### [TASK REQUIREMENTS]
Beginning with the line that contains "同为60支纯棉面料+羽丝绒填充+薰衣草助眠颗粒,但是!价格却便宜一半多!" and ending with the line that contains "20190213 침팬치 0.5mm", reproduce the lines of the entries below exactly, omitting pictures.

### [PROVIDED MATERIAL]
☆ ☆ ☆ ☆

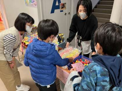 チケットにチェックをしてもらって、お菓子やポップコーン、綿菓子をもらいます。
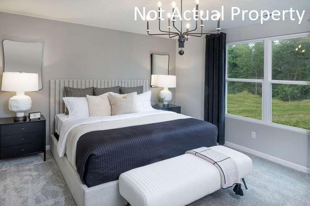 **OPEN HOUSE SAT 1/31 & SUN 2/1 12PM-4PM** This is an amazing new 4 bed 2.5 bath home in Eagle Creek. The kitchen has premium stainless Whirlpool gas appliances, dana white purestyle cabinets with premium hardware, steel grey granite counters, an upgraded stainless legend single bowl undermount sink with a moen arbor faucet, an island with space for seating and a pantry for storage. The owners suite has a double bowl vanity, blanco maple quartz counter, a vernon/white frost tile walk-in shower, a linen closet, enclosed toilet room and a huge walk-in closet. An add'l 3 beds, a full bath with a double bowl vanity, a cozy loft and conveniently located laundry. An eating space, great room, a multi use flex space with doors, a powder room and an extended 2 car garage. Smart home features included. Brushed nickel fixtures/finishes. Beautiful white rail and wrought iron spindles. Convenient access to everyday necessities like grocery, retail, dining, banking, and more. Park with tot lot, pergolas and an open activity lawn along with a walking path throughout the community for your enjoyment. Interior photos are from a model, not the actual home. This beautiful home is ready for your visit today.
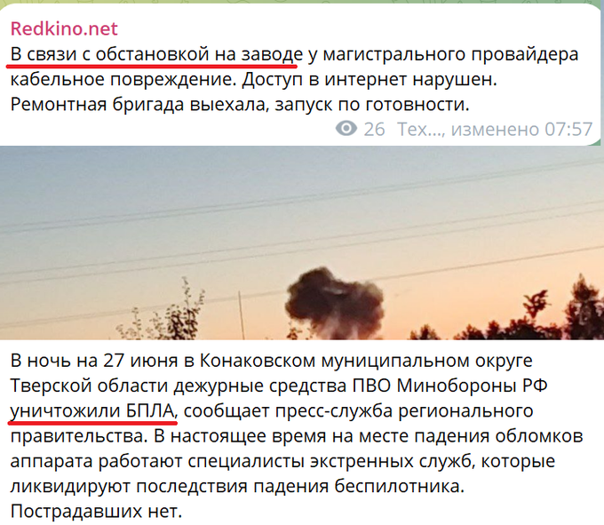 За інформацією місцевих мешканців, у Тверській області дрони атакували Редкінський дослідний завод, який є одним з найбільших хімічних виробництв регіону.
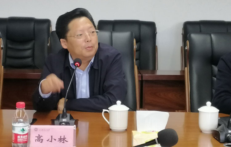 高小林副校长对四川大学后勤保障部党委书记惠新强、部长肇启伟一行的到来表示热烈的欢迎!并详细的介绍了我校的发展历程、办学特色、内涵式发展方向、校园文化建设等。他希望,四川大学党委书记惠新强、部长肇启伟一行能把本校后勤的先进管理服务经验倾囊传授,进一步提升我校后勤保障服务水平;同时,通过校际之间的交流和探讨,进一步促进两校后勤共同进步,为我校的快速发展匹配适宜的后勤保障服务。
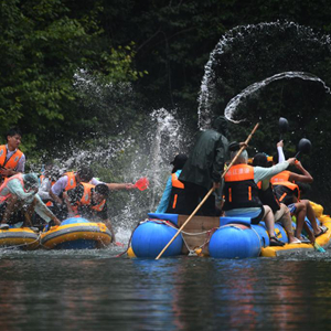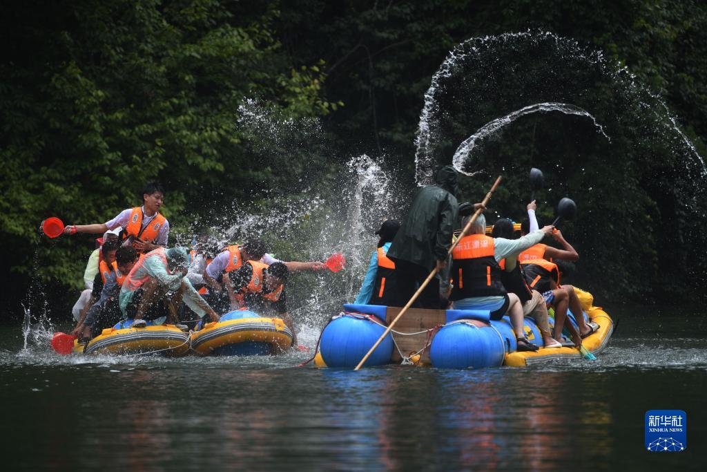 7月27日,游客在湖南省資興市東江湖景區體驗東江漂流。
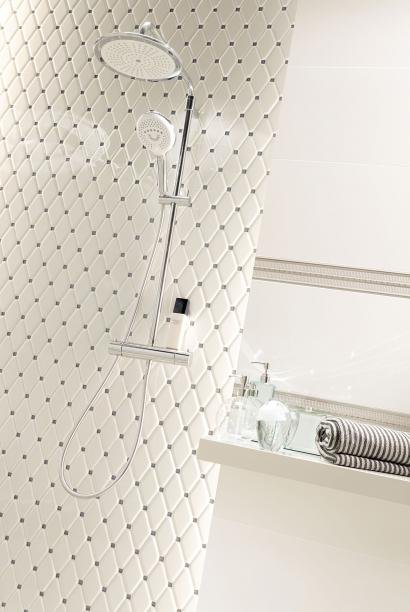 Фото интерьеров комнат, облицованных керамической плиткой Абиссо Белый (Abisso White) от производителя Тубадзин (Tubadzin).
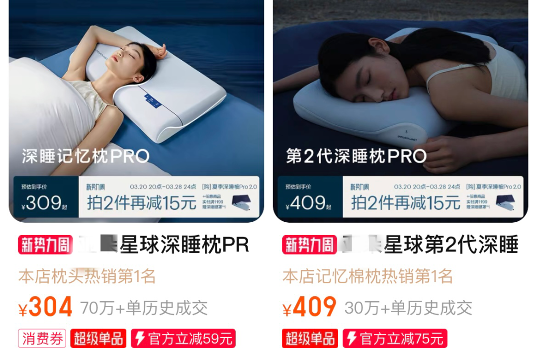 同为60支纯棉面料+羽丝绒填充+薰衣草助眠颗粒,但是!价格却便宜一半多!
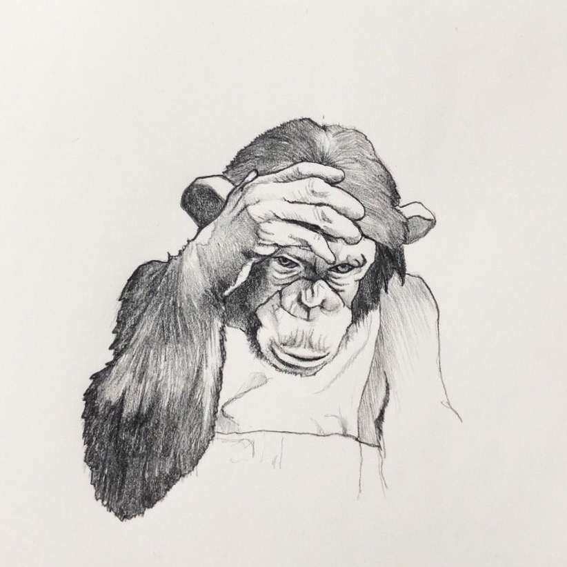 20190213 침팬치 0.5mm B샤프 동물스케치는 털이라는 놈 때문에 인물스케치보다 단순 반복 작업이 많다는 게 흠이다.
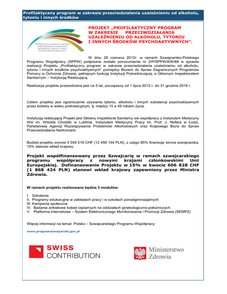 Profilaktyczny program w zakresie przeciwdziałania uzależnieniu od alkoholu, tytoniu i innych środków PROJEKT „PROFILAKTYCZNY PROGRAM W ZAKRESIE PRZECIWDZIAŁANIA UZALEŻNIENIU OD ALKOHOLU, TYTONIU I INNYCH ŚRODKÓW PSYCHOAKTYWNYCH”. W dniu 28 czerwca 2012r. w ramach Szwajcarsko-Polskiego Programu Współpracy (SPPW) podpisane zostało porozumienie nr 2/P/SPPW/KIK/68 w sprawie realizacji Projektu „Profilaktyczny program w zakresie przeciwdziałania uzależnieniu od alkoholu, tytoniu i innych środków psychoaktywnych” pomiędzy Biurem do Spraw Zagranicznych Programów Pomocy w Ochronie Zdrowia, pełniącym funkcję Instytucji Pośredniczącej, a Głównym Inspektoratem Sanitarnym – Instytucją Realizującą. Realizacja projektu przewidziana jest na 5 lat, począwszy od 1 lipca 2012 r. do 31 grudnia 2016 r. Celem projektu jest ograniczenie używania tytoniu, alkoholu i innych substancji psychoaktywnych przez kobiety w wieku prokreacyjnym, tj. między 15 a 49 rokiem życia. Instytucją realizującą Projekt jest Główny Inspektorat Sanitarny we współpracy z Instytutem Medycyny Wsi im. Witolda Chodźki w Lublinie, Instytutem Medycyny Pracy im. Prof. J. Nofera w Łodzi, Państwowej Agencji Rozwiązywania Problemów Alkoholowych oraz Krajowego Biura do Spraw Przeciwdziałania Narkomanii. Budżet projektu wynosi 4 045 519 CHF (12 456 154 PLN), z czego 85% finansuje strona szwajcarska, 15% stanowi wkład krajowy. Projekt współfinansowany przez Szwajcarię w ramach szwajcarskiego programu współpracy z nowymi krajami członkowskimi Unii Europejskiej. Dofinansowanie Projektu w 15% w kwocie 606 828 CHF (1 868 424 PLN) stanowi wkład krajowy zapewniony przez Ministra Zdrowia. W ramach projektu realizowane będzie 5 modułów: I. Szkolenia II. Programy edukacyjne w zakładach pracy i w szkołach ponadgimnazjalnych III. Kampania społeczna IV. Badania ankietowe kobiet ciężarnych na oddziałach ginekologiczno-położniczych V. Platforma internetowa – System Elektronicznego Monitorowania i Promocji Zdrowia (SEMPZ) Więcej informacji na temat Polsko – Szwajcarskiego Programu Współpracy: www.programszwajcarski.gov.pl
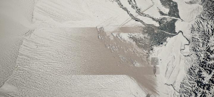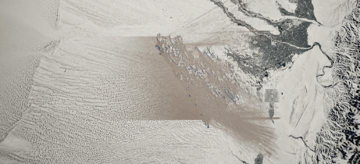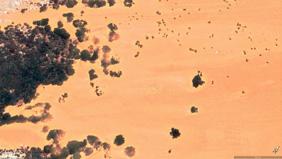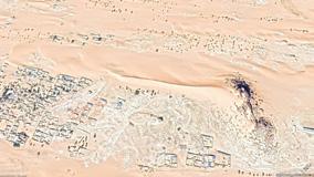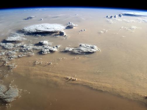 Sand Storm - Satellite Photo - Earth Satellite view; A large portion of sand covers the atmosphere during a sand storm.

☆ ☆ ☆ ☆

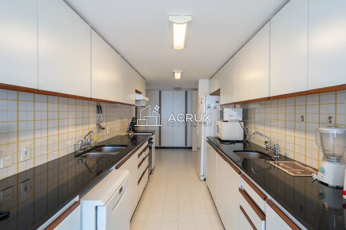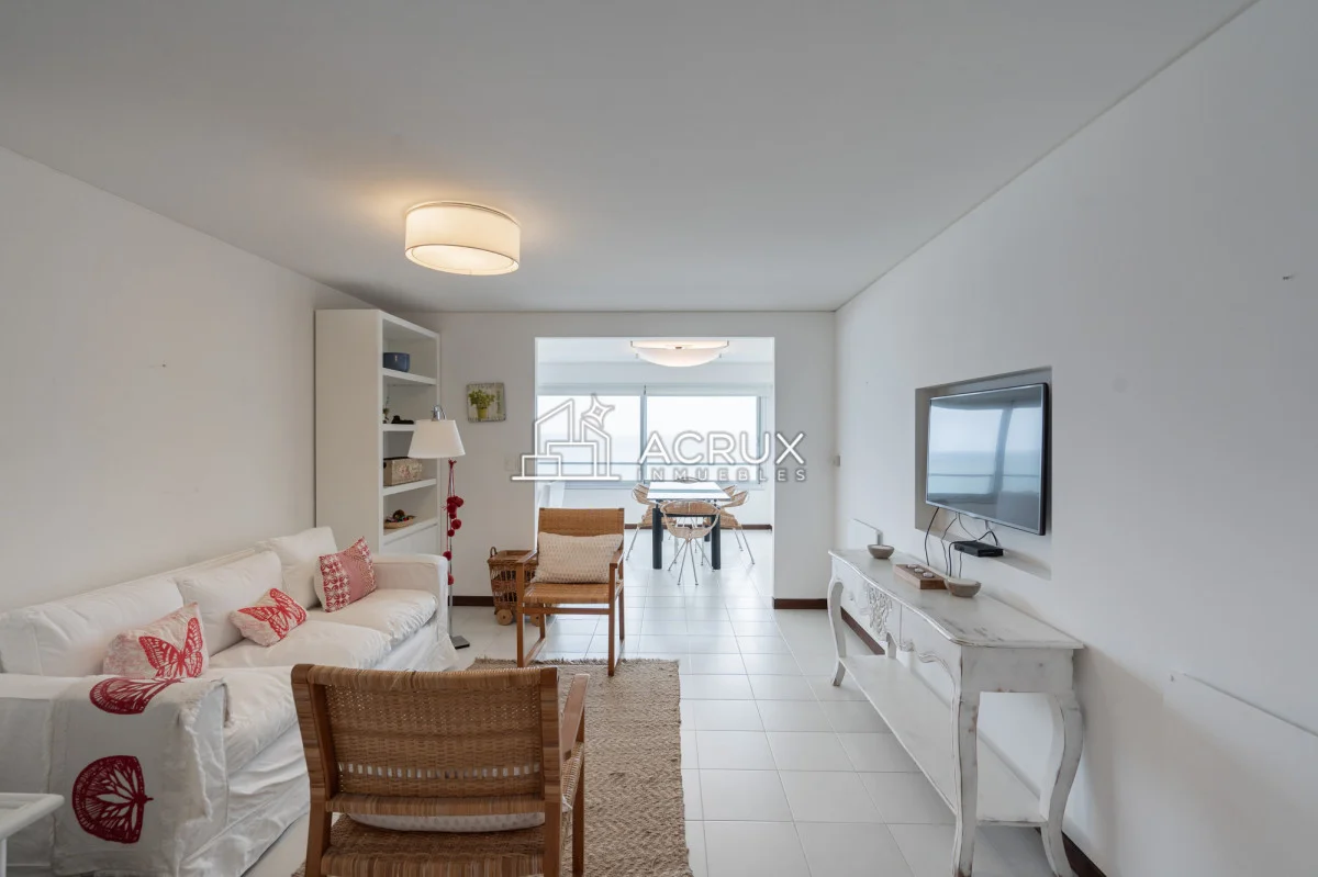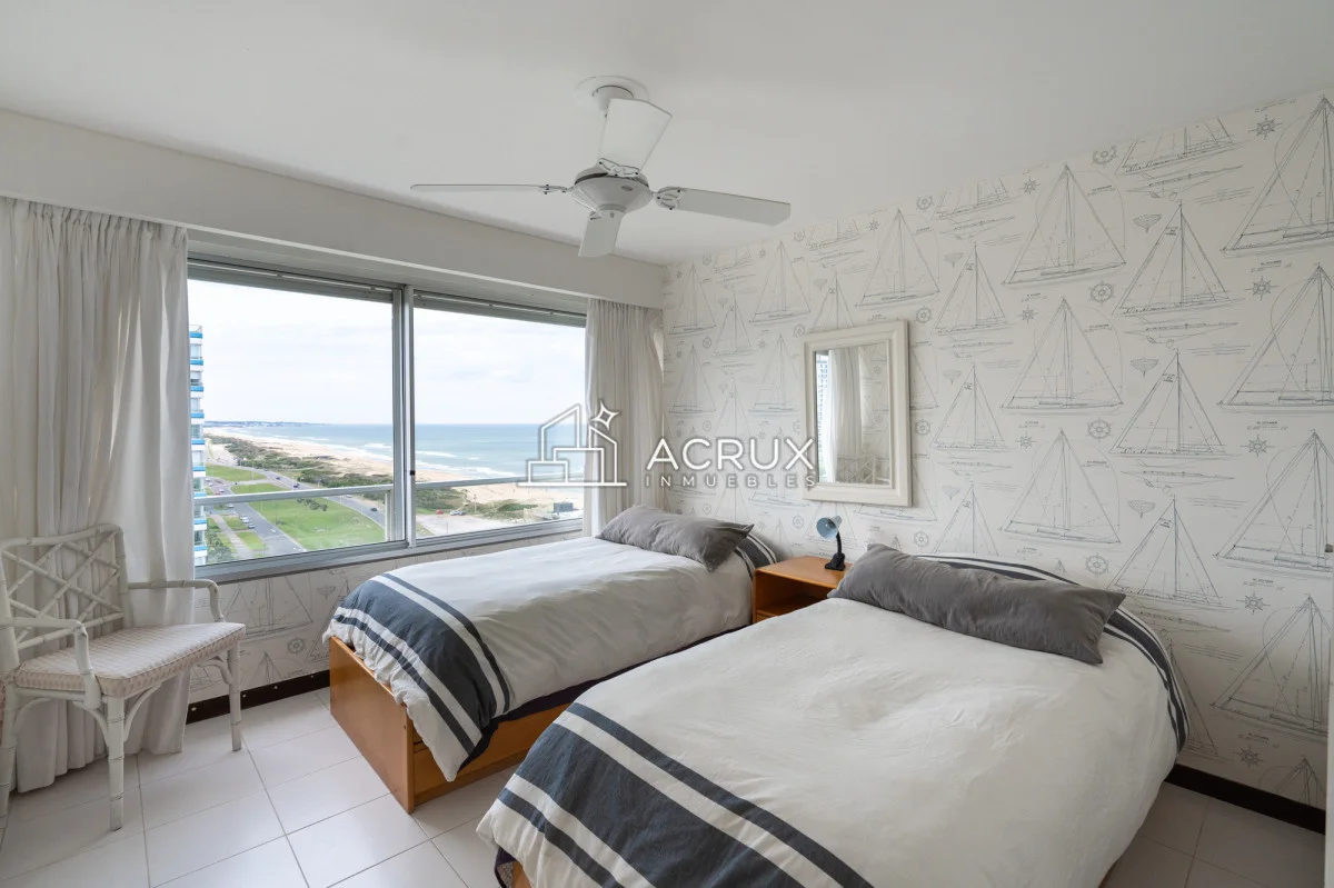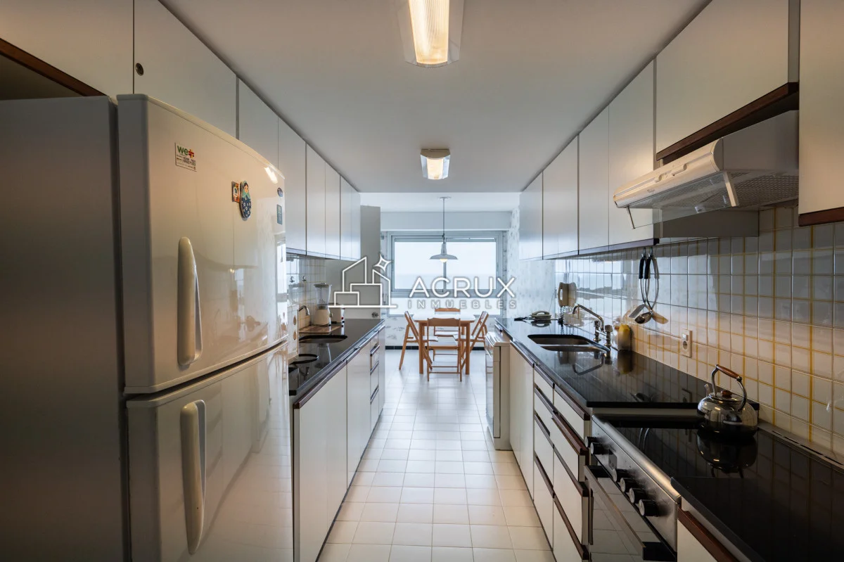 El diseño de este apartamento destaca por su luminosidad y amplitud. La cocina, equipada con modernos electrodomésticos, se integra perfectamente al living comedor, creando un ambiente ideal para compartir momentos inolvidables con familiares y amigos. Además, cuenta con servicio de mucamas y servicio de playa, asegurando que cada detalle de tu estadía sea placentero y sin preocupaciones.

☆ ☆ ☆ ☆

### [TASK RESULT]
 同为60支纯棉面料+羽丝绒填充+薰衣草助眠颗粒,但是!价格却便宜一半多!
 20190213 침팬치 0.5mm B샤프 동물스케치는 털이라는 놈 때문에 인물스케치보다 단순 반복 작업이 많다는 게 흠이다.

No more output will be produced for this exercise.